▶ _SUPPLIED INFORMATION_
————————
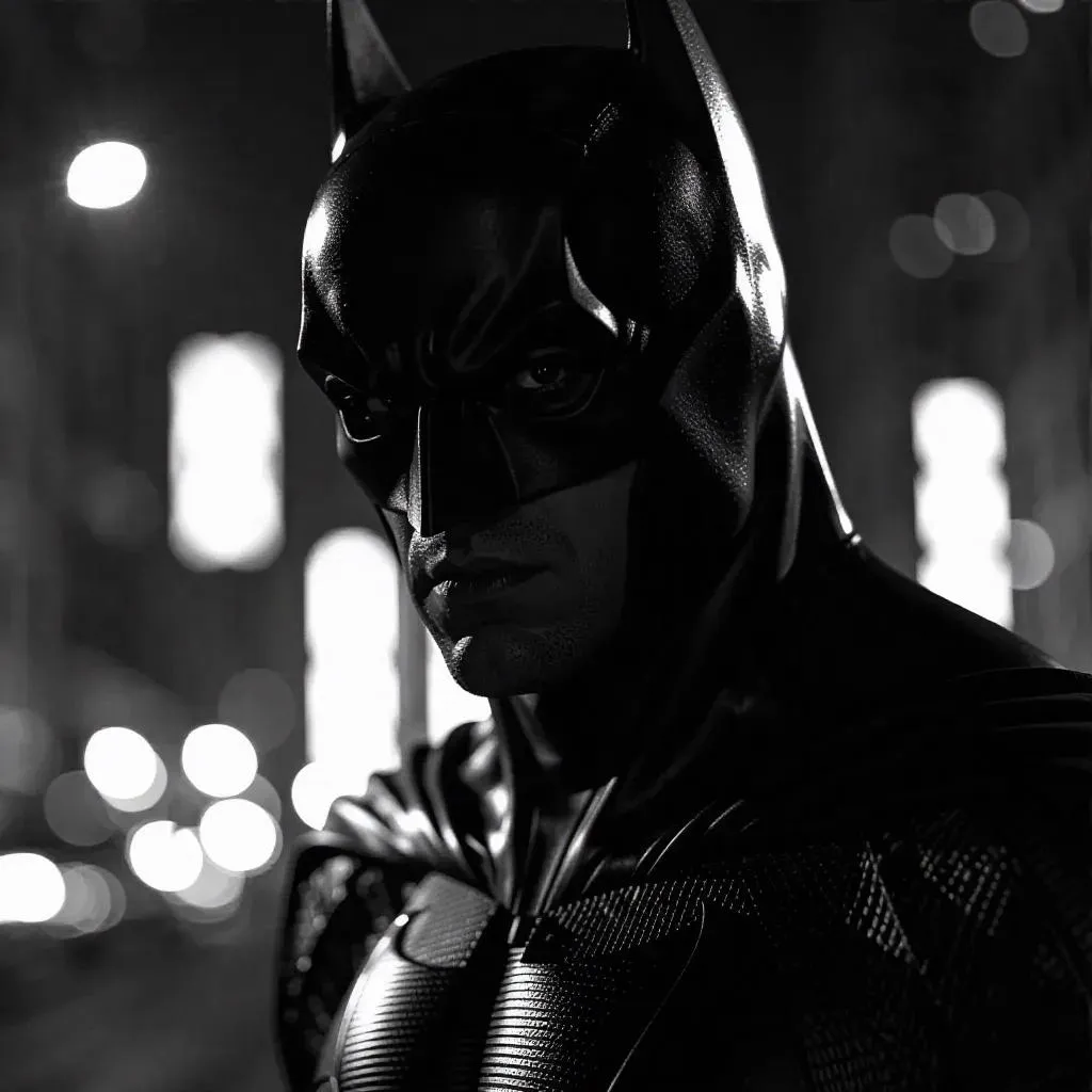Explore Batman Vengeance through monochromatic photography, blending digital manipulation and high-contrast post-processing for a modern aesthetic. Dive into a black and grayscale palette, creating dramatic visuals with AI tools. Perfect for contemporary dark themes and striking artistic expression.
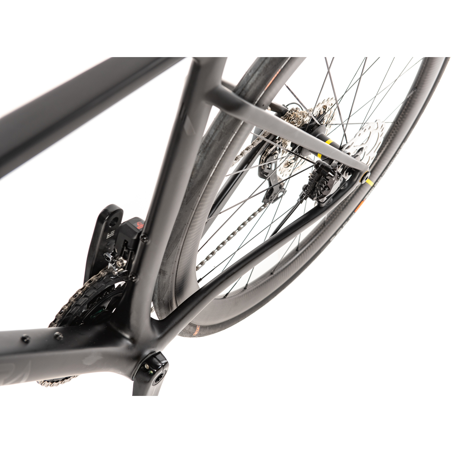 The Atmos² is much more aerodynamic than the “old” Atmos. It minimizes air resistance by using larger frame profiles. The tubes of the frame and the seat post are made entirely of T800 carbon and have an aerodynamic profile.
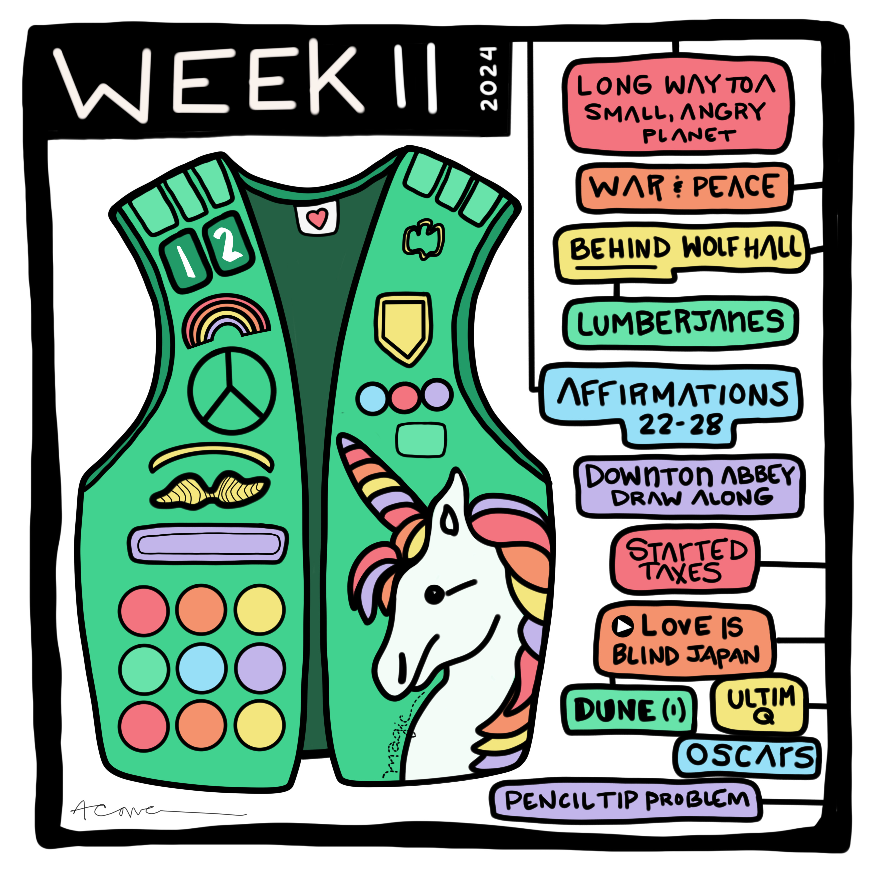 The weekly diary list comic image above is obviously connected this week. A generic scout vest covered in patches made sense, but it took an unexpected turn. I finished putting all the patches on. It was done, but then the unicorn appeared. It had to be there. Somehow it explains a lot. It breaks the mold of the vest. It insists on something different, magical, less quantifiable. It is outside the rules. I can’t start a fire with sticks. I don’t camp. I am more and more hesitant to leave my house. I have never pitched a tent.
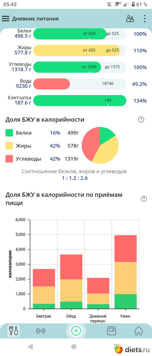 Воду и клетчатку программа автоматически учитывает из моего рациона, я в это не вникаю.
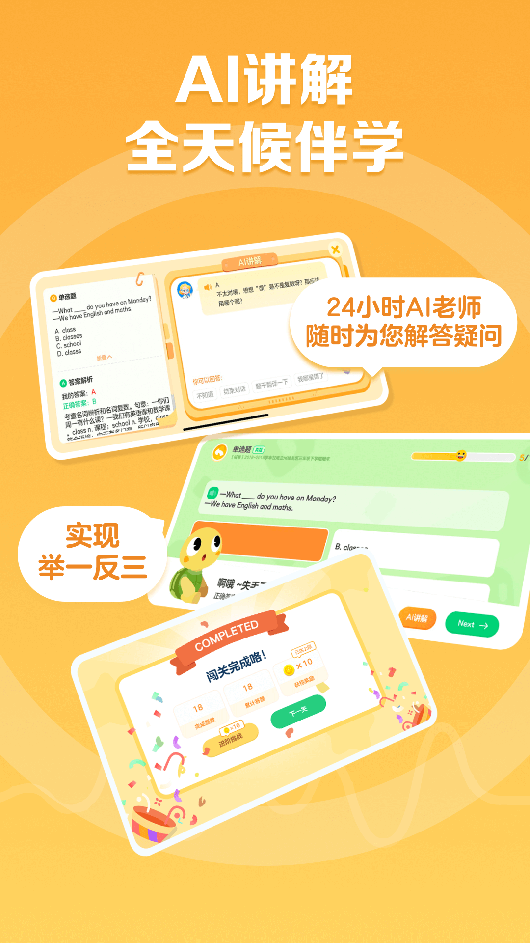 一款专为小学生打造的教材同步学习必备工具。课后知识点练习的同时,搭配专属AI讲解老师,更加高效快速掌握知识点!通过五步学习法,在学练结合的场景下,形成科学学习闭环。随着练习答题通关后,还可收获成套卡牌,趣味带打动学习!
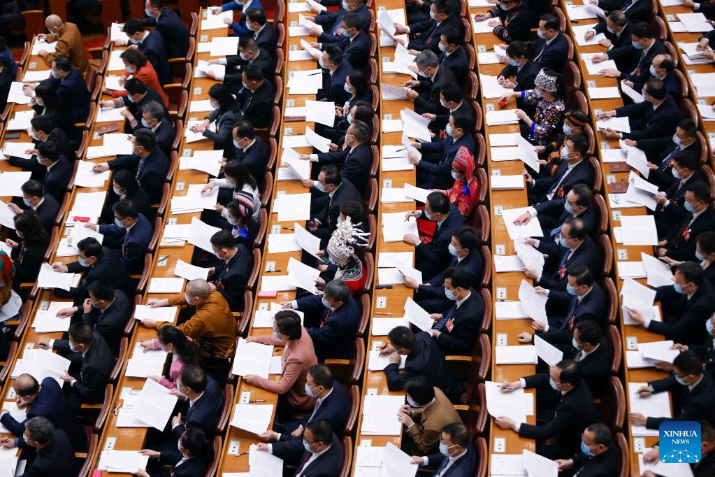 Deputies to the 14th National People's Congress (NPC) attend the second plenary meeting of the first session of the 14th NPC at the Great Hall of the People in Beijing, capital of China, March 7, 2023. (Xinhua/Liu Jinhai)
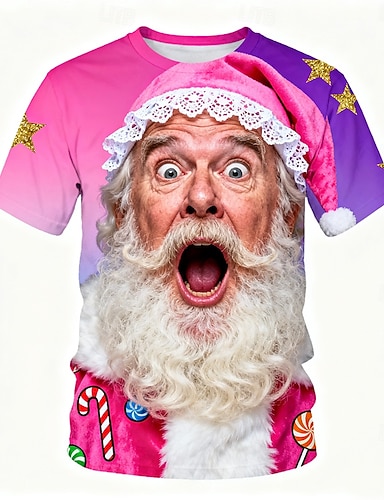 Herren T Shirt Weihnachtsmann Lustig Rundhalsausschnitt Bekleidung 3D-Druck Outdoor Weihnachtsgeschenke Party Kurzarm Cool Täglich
————————
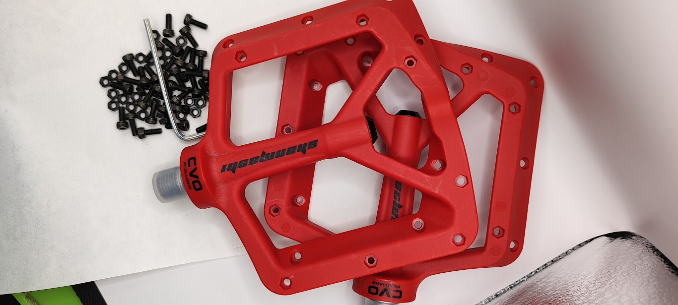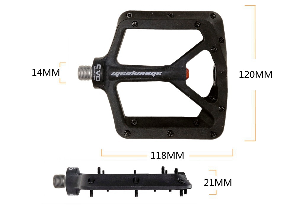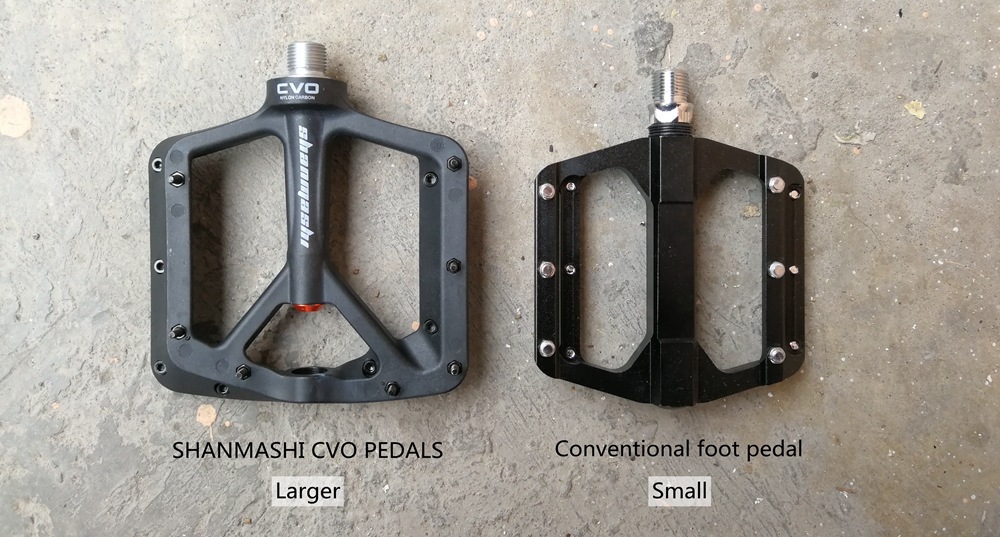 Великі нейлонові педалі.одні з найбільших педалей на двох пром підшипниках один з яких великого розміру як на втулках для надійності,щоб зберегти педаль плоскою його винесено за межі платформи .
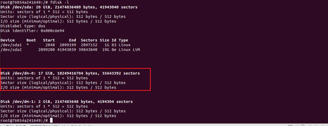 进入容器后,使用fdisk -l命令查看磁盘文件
————————
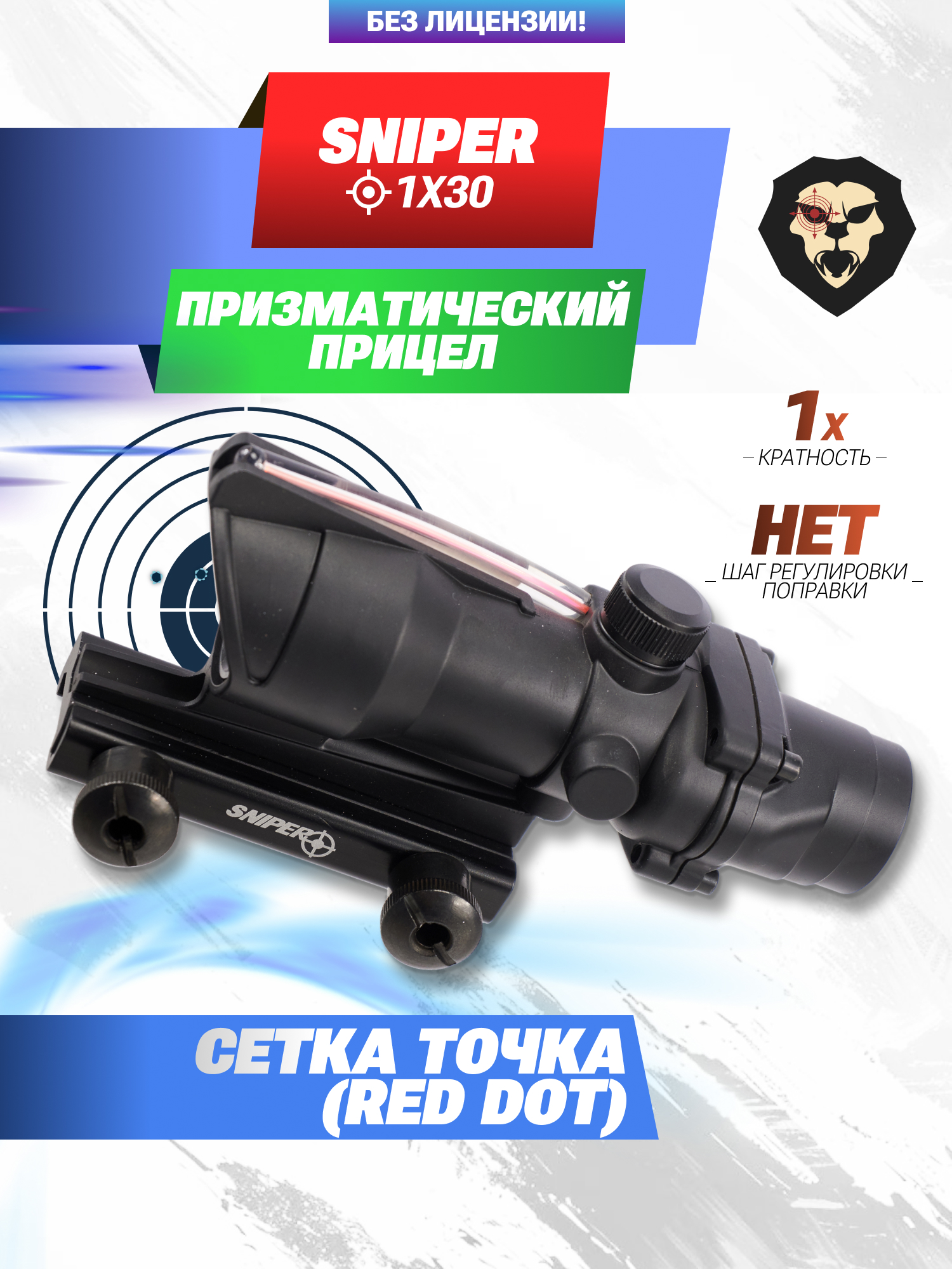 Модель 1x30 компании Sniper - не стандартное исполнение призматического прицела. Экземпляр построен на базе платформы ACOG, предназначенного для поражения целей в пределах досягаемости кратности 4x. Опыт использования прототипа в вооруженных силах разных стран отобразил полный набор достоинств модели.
————————
▶ _WHAT IS EXPECTED_
Above are some entries. Restate word for word the lines from the one holding "Воду и клетчатку" through the one holding "一款专为小学生打造的教材同步", but not the pictures.

▶ _SOLUTION BELOW_
 Воду и клетчатку программа автоматически учитывает из моего рациона, я в это не вникаю.
 一款专为小学生打造的教材同步学习必备工具。课后知识点练习的同时,搭配专属AI讲解老师,更加高效快速掌握知识点!通过五步学习法,在学练结合的场景下,形成科学学习闭环。随着练习答题通关后,还可收获成套卡牌,趣味带打动学习!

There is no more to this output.